Other research by respected scholars can be found in journals like Psychotherapy and Professional Psychology: Research and Practice, as well as integration journals, such as Journal of Psychology and Christianity and Journal of Psychology and Theology. Many have made insightful, scholarly presentations at the APA and APS annual conferences.

Nicholas A. Cummings, former president of APA believes that the role of psychotherapy in sexual orientation change efforts has been politicized beyond repair. For context, in 1975 Cummings sponsored (as an APA council of representatives) the resolution that stated that homosexuality is not a mental disorder and, in 1976, the resolution that gays and lesbians should not be discriminated against in the workplace. He says:

Contending that all same-sex attraction is immutable is a distortion of reality. Attempting to characterize all sexual reorientation therapy as “unethical” violates patient choice and gives an outside party a veto over patients’ goals for their own treatment. A political agenda shouldn’t prevent gays and lesbians who desire to change from making their own decisions.

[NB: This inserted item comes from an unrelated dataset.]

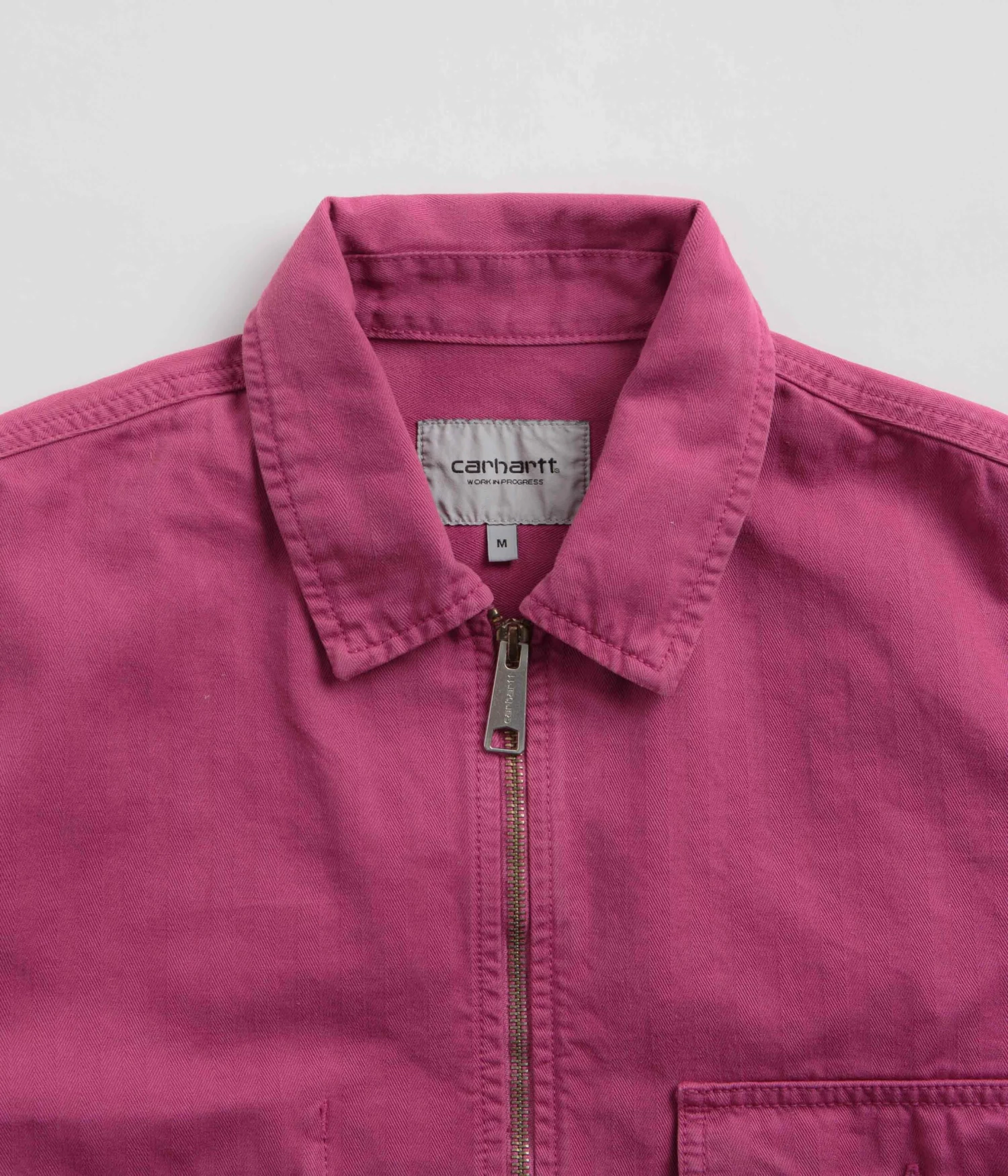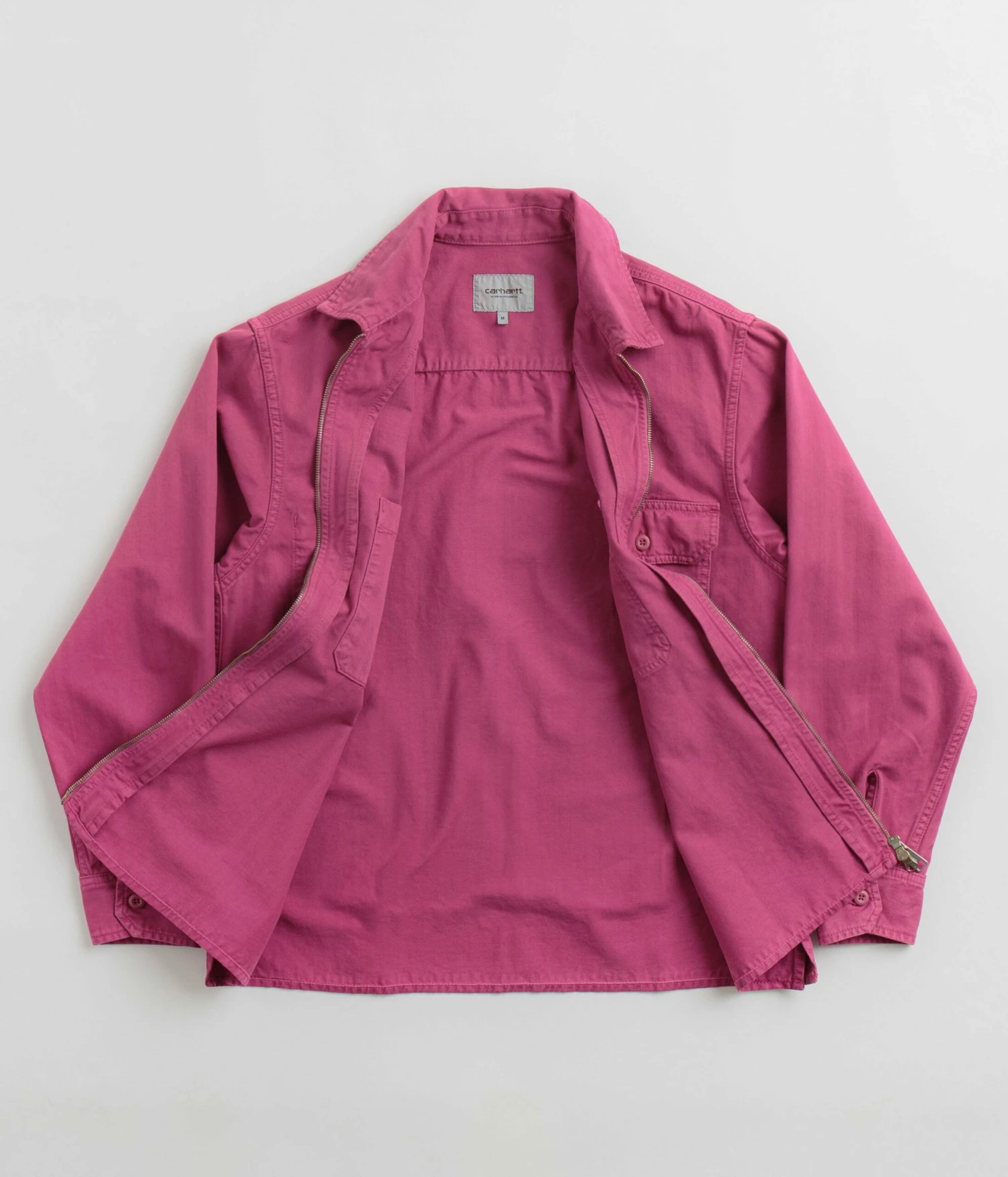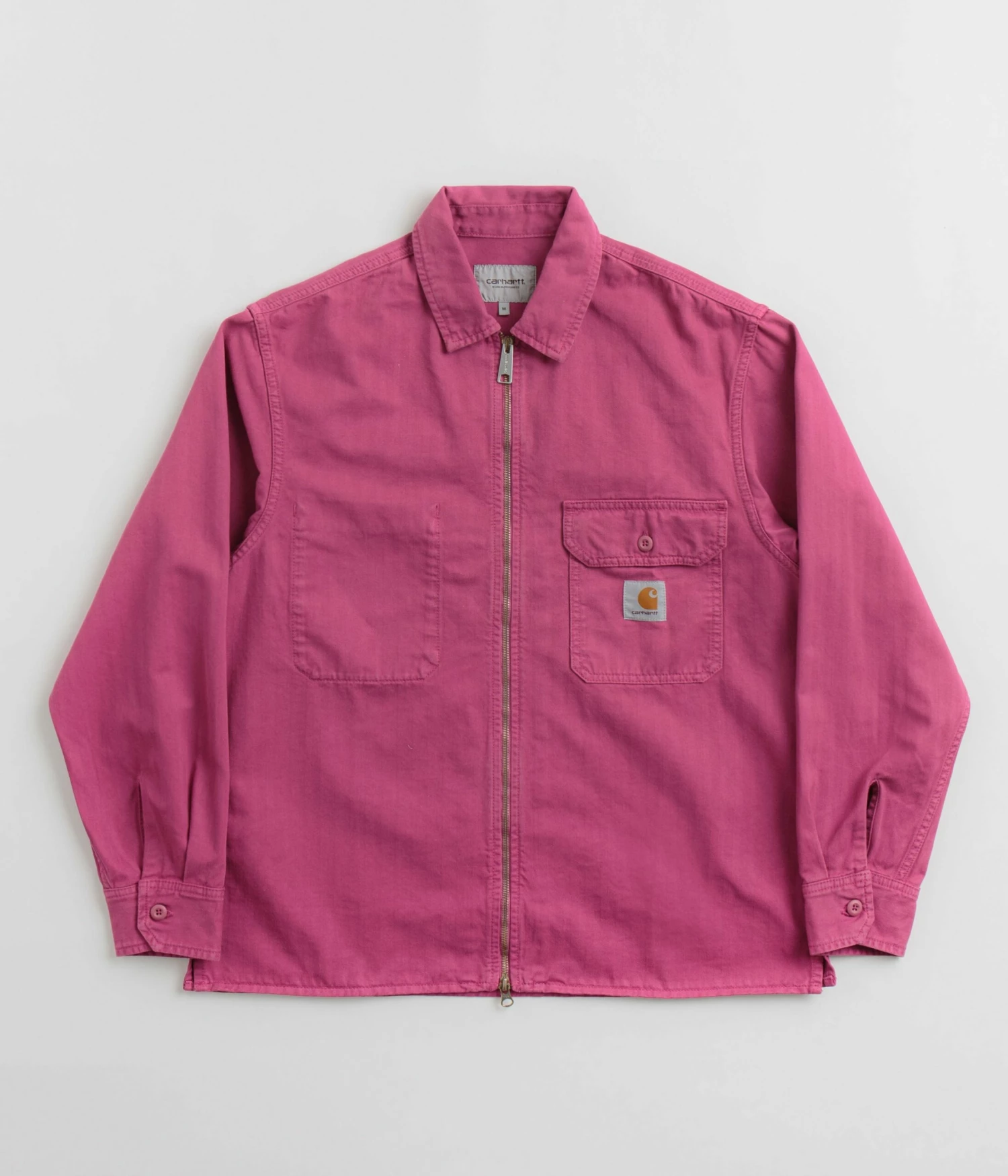 Carhartt Rainer Shirt Jacket in Magenta and Gold. Workwear inspired and designed with a two-way zipper fastening, this garment dyed Carhartt jacket is made from 100% cotton ‘Redmond’ herringbone. Featuring a fold down collar, adjustable cuffs and a reinforced hem, this pink Carhartt jacket is finished with an inner chest pocket, an external chest pocket and with woven flag label branding.

What, if anything, did you find out about David that surprised you or caused you to change your view of him?

 There really was nothing David wrote that caused me to change my view of him. I continue to respect his views, even where we disagree biblically and theologically. He too is grieved that Christianity is becoming increasingly irrelevant, alienating and repelling to those outside the Church.

Clearly some in the Church have not modeled love and kindness while holding to the Truth. And while we may disagree about the morality of same-sex behavior and hold views contrary to popular opinion, we must give no cause to being viewed, fairly or unfairly, as hateful or unkind.

The Church is at a crossroads, and our future actions must carefully and prayerfully reflect God’s hope for us—to be united with Christ, like-minded, that our love may abound still more and more in real knowledge and all discernment.

We have a long way to go. I take heart in one working relationship that I have recently started that gives me hope. A faculty colleague from another institution was initially wary of my connection to a conservative Christian university and the impending judgmental attitudes she expected of me. She and her wife had recently adopted a young toddler, and she beamed as she showed me pictures. Her fears and concerns were soon alleviated as we worked and laughed together throughout the week. I was relieved and grateful that she did not disparage my sincere convictions that a biblical marriage is one that is between one man and one woman. She did not challenge me, nor seek to change my views, and neither of us experienced the other as hateful, bigoted, intolerant or mean.

We must not forget that respected scholars disagree, and can hold decent and honorable yet differing perspectives.